We are trying to extract comments from word document
we are having around 15 comments, in the document but we see only 8 comments using the below code, can someone correct the code to view all 15 comments
comment_nodes = doc.get_child_nodes(aw.NodeType.COMMENT, True)
comment_data = []
for node in comment_nodes:
comment = node.as_comment()
if comment is None:
continue
parent_para = comment.get_ancestor(aw.Paragraph)
if parent_para is None:
continue
@tesapsoe
Cause
It appears that your code is correctly attempting to extract comments from the Word document, but you are only retrieving a subset of the comments. This may occur if some comments are not directly associated with the main body of the document or if there are issues with how the comments are structured.
Solution
To ensure you retrieve all comments, you can simplify your code by directly collecting all comments without checking for their parent paragraphs. Here’s an updated version of your code that should help you extract all comments:
Code
# Assuming 'doc' is your Document object
comment_nodes = doc.get_child_nodes(aw.NodeType.COMMENT, True)
comment_data = []
for node in comment_nodes:
comment = node.as_comment()
if comment is not None:
comment_data.append({
'author': comment.get_author(),
'date': comment.get_date_time(),
'text': comment.to_string(aw.SaveFormat.TEXT)
})
# Print all comments
for comment in comment_data:
print(f"Author: {comment['author']}, Date: {comment['date']}, Comment: {comment['text']}")

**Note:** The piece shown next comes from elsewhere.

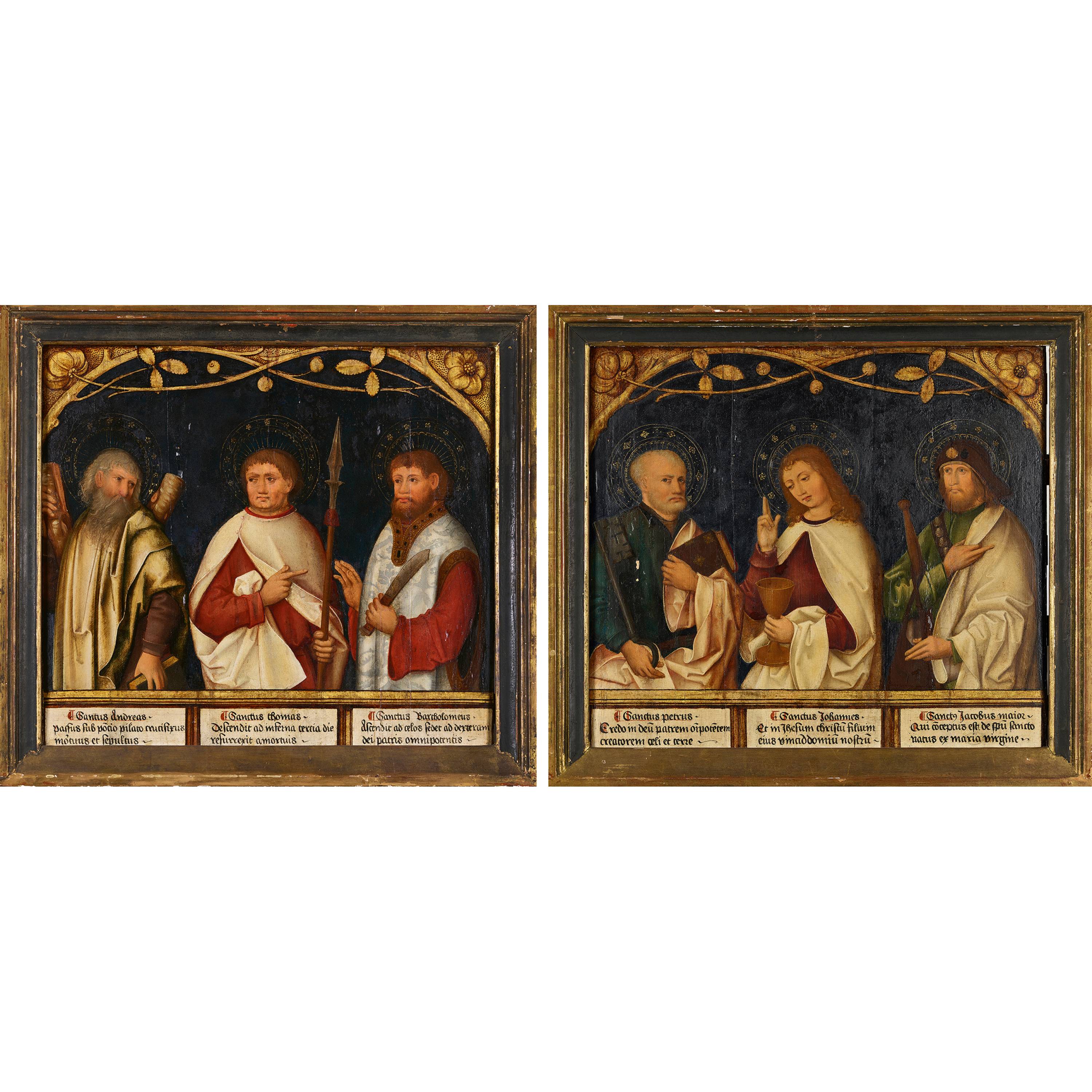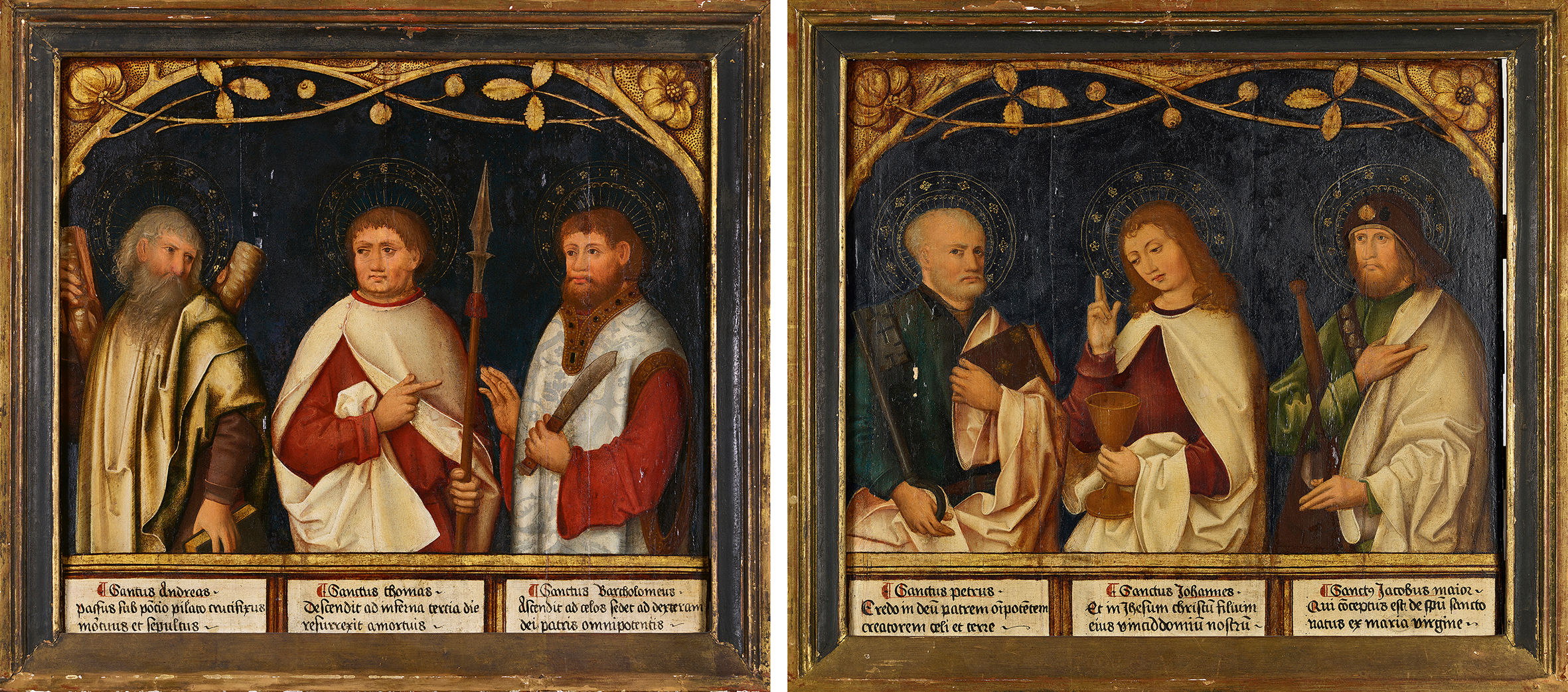 Bei den angebotenen Tafeln handelt es sich um zwei der ursprünglich aus vier Tafeln zusammengefügten Predella mit der Darstellung der zwölf Apostel. Auf den beiden vorliegenden Tafeln sind die Apostel Petrus, Johannes Evangelist und Jacobus der Ältere bzw. Andreas, Thomas und Bartholomäus dargestellt. Ludwig Meyer verweist in seinem Gutachten darauf, dass die Tafeln der Schule von Hans Holbein dem Älteren in Augsburg zuzurechnen sind, was sich vor allem an den feinen und transparenten Nimben der Apostel und dem bekrönenden goldenen Astwerk erkennen lässt. Eine dritte zugehörige Tafel ist seit 1914 Bestandteil des Musée de Grenoble (siehe Marcel Destot, Peintures des écoles du Nord. La collection du musée de Grenoble, Paris 1994, S. 213, mit Abbildung), während die vierte Tafel als verschollen gilt.

This code collects all comments without filtering based on their parent paragraphs, which should help you retrieve all 15 comments.
Next Steps
- Run the updated code to see if it retrieves all comments.
- If you still encounter issues, check if the comments are properly formatted in the Word document.
- Ensure that the document is not corrupted and that all comments are visible in the Word application.
Please proceed with these steps and let me know if you need further assistance!
thanks for the code,
we are looking comments along with the paragraph/s on to which comments are written
so we are looking for something of this sort
comments:comments_text
author:author_name
para:paragraph/s.text
@tesapsoe Could you please provide the input file you are using to process the comments?